[Start of section]

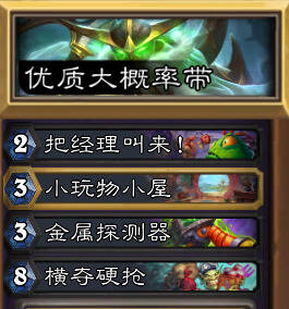 解析:游客能把手里的大法术与月火术或者和硬币费用互换来提前打出,硬币体系是盗贼游客的优势则不必多言,横夺硬抢为法师提供了解大怪的能力。唯一问题在于这个卡组不是进攻方,硬币刀带一把还是两把哪个合适些,横夺硬抢带两张会不会太卡手。
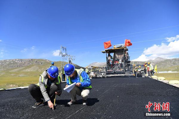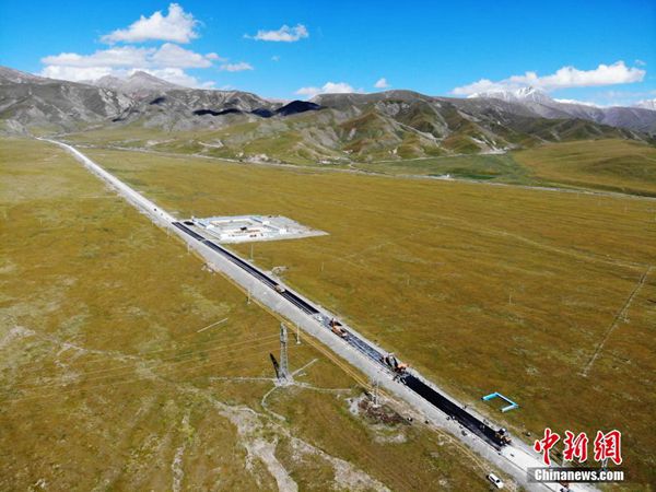 9月2日,由中鐵四局承建施工的肅(甘肅肅南)祁(青海祁連)G213線公路瀝青正式攤鋪,標(biāo)志著“一帶一路”沿線甘肅至青海“咽喉”要道最高海拔標(biāo)段正式進(jìn)入路面施工階段,為如期通車奠定基礎(chǔ)。中鐵四局承建了肅祁公路5標(biāo)段全長(zhǎng)3639米的施工任務(wù),該標(biāo)段平均海拔約4200米,是目前國(guó)內(nèi)在建的海拔最高的公路之一,也是肅祁公路海拔最高的標(biāo)段。圖為9月1日,航拍甘肅與青海交界的肅祁公路實(shí)驗(yàn)路段鋪路現(xiàn)場(chǎng)。
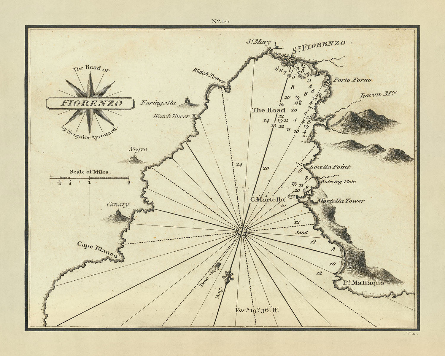 La experiencia de William Heather en hidrografía se ejemplifica en la precisión de los sondeos y los detalles de navegación presentados en esta carta. La inclusión de diversas características topográficas junto con los anclajes realza su utilidad y valor histórico. El mapa traza meticulosamente las nebulosas aguas alrededor del Golfo de San Fiorenzo y los terrenos escarpados de las Montañas Nebbio, brindando una visión integral de los desafíos geográficos de la región para los navegantes de la época. Este nivel de detalle no sólo ayudó a los navegantes, sino que ahora sirve como una visión fascinante de los estándares cartográficos y los desafíos de la época.

[End of section]

→ **Problem to solve**
Apart from the pictures, the material above has to be repeated exactly.

→ **Written answer**
 解析:游客能把手里的大法术与月火术或者和硬币费用互换来提前打出,硬币体系是盗贼游客的优势则不必多言,横夺硬抢为法师提供了解大怪的能力。唯一问题在于这个卡组不是进攻方,硬币刀带一把还是两把哪个合适些,横夺硬抢带两张会不会太卡手。
 9月2日,由中鐵四局承建施工的肅(甘肅肅南)祁(青海祁連)G213線公路瀝青正式攤鋪,標(biāo)志著“一帶一路”沿線甘肅至青海“咽喉”要道最高海拔標(biāo)段正式進(jìn)入路面施工階段,為如期通車奠定基礎(chǔ)。中鐵四局承建了肅祁公路5標(biāo)段全長(zhǎng)3639米的施工任務(wù),該標(biāo)段平均海拔約4200米,是目前國(guó)內(nèi)在建的海拔最高的公路之一,也是肅祁公路海拔最高的標(biāo)段。圖為9月1日,航拍甘肅與青海交界的肅祁公路實(shí)驗(yàn)路段鋪路現(xiàn)場(chǎng)。
 La experiencia de William Heather en hidrografía se ejemplifica en la precisión de los sondeos y los detalles de navegación presentados en esta carta. La inclusión de diversas características topográficas junto con los anclajes realza su utilidad y valor histórico. El mapa traza meticulosamente las nebulosas aguas alrededor del Golfo de San Fiorenzo y los terrenos escarpados de las Montañas Nebbio, brindando una visión integral de los desafíos geográficos de la región para los navegantes de la época. Este nivel de detalle no sólo ayudó a los navegantes, sino que ahora sirve como una visión fascinante de los estándares cartográficos y los desafíos de la época.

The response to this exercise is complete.